→ EXERCISE AIM
Your copy must hold all of the data below, unchanged and without images.

→ INFORMATION PROVIDED
····················

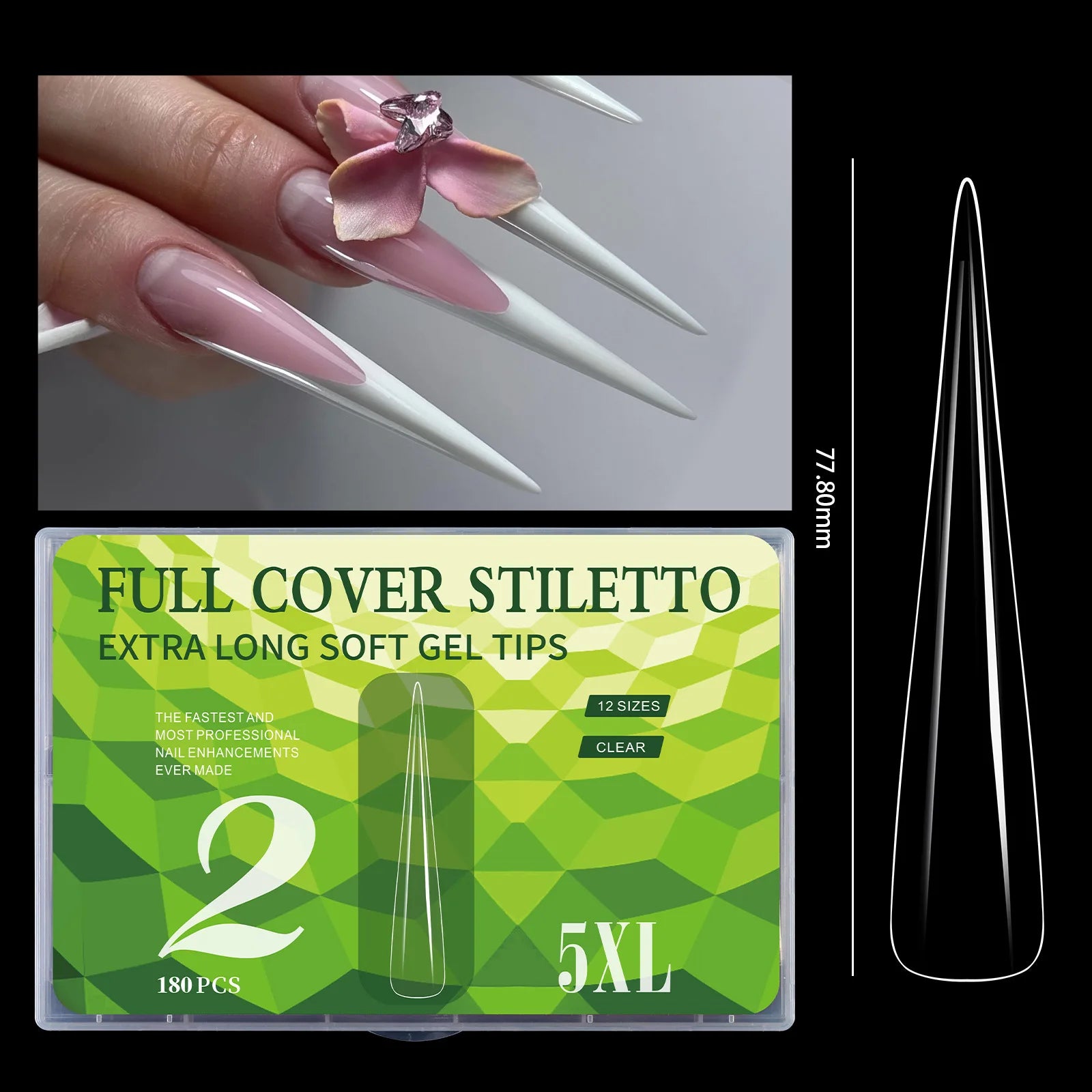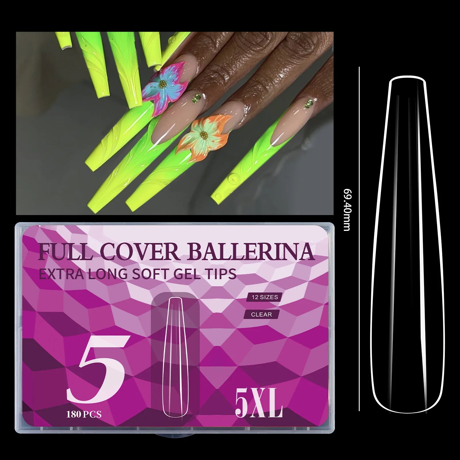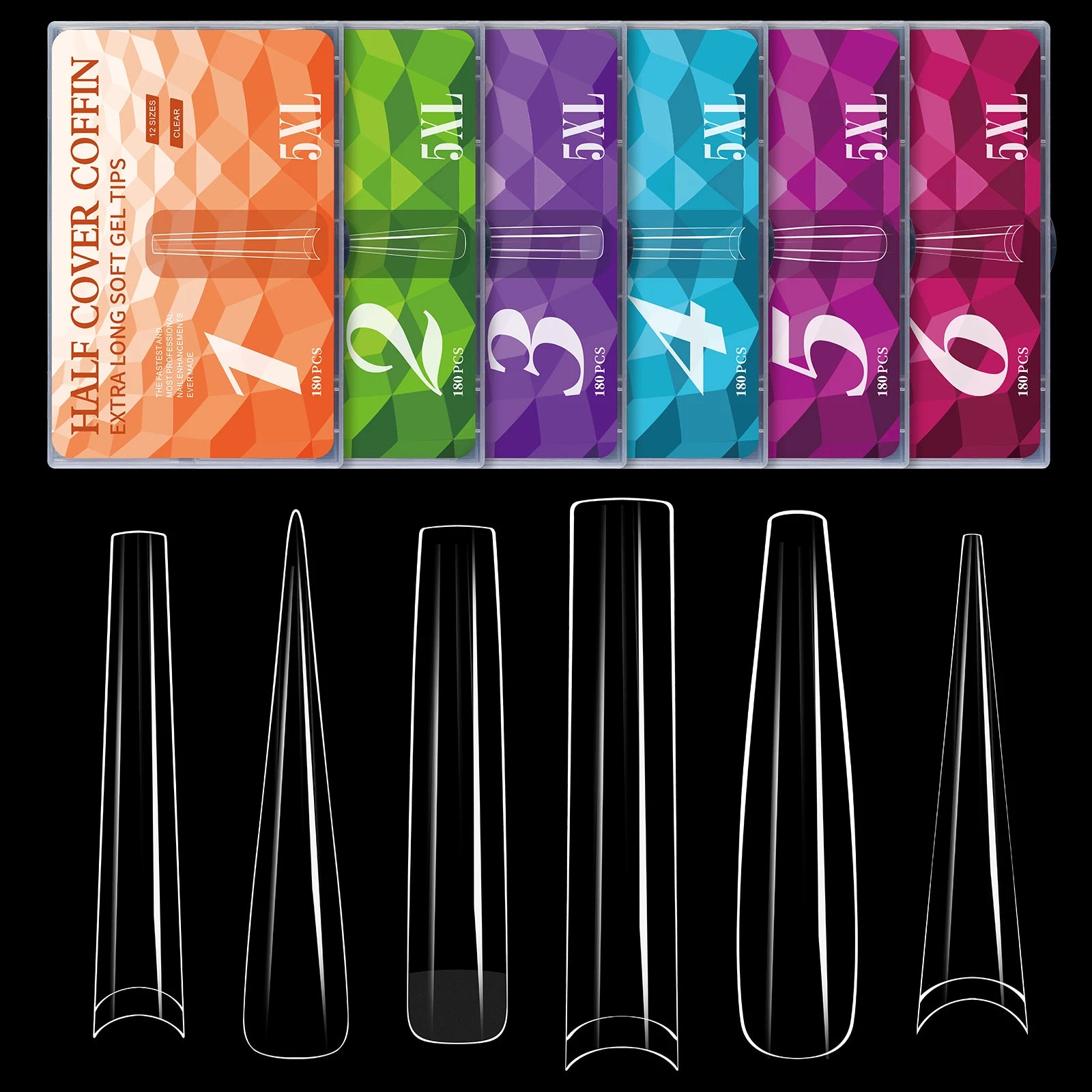 5XL Soft Gel Tips Press On Nails Acrylic Half/Full Cover Fake Nails 180pcs Stiletto Coffin Ballet DIY Extension Nail Supplies
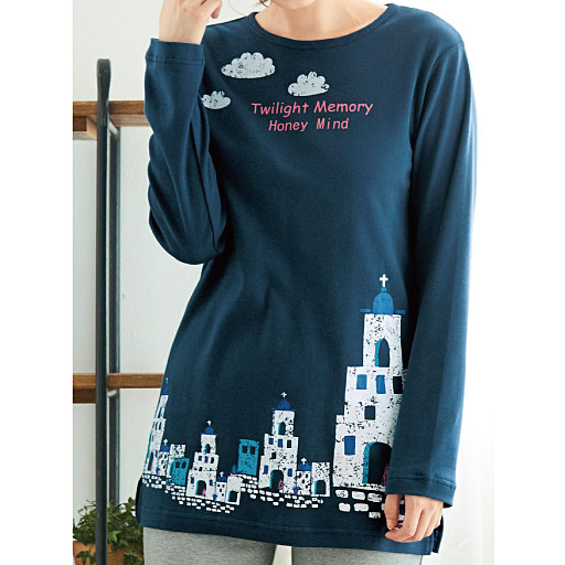 注目のグッズがお手ごろに購入できる情報です。     【ご注文が初めての方or5,000円(税別)以上のご注文で送料無料】シーズン問わず年中活躍できる、綿100%スムース素材のTシャツです。物語を感じさせる可愛いプリント柄がポイント。おなかからお尻のあたりまでカバーする人気のセミロング丈で、体型を拾いにくい楽なシルエットだから普段着にぴったりです。 ■カラー:ネイビーブルー ■サイズ:3L,L,5L,M,LL
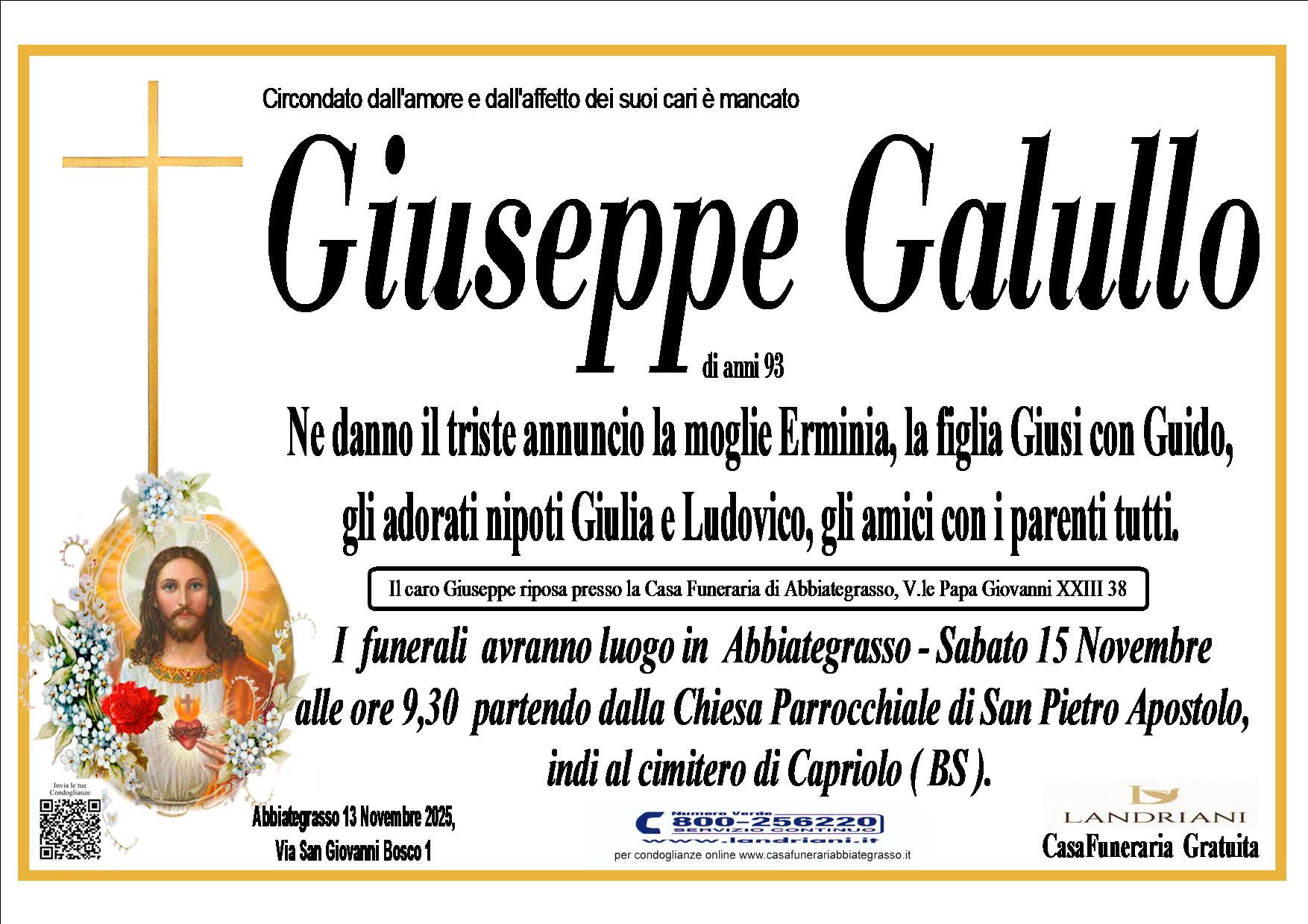 Lasciate un messaggio di cordoglio gratuito sarà nostra cura consegnarlo ai parenti di Giuseppe Galullo.
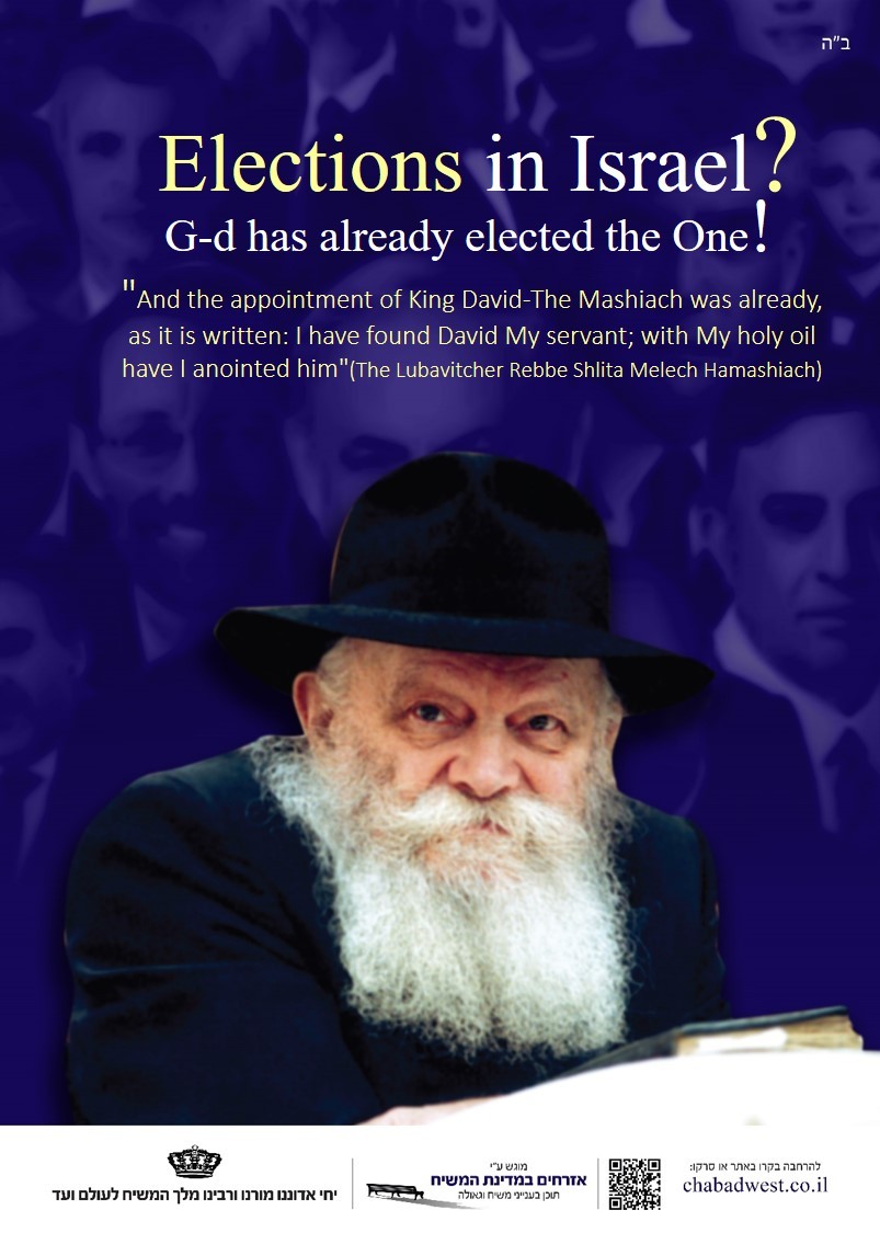 ברוח הזמן ובתקופה זו בה עסוקים רבים ב'מי יבחר', הפקנו פוסטר מרשים בעברית באנגלית וברוסית על מנת לעורר את כולנו על בחירתו זה מכבר של הקב"ה ברבי שליט"א מלך המשיח.

····················

→ OUTPUT FOR THIS EXERCISE
 5XL Soft Gel Tips Press On Nails Acrylic Half/Full Cover Fake Nails 180pcs Stiletto Coffin Ballet DIY Extension Nail Supplies
 注目のグッズがお手ごろに購入できる情報です。     【ご注文が初めての方or5,000円(税別)以上のご注文で送料無料】シーズン問わず年中活躍できる、綿100%スムース素材のTシャツです。物語を感じさせる可愛いプリント柄がポイント。おなかからお尻のあたりまでカバーする人気のセミロング丈で、体型を拾いにくい楽なシルエットだから普段着にぴったりです。 ■カラー:ネイビーブルー ■サイズ:3L,L,5L,M,LL
 Lasciate un messaggio di cordoglio gratuito sarà nostra cura consegnarlo ai parenti di Giuseppe Galullo.
 ברוח הזמן ובתקופה זו בה עסוקים רבים ב'מי יבחר', הפקנו פוסטר מרשים בעברית באנגלית וברוסית על מנת לעורר את כולנו על בחירתו זה מכבר של הקב"ה ברבי שליט"א מלך המשיח.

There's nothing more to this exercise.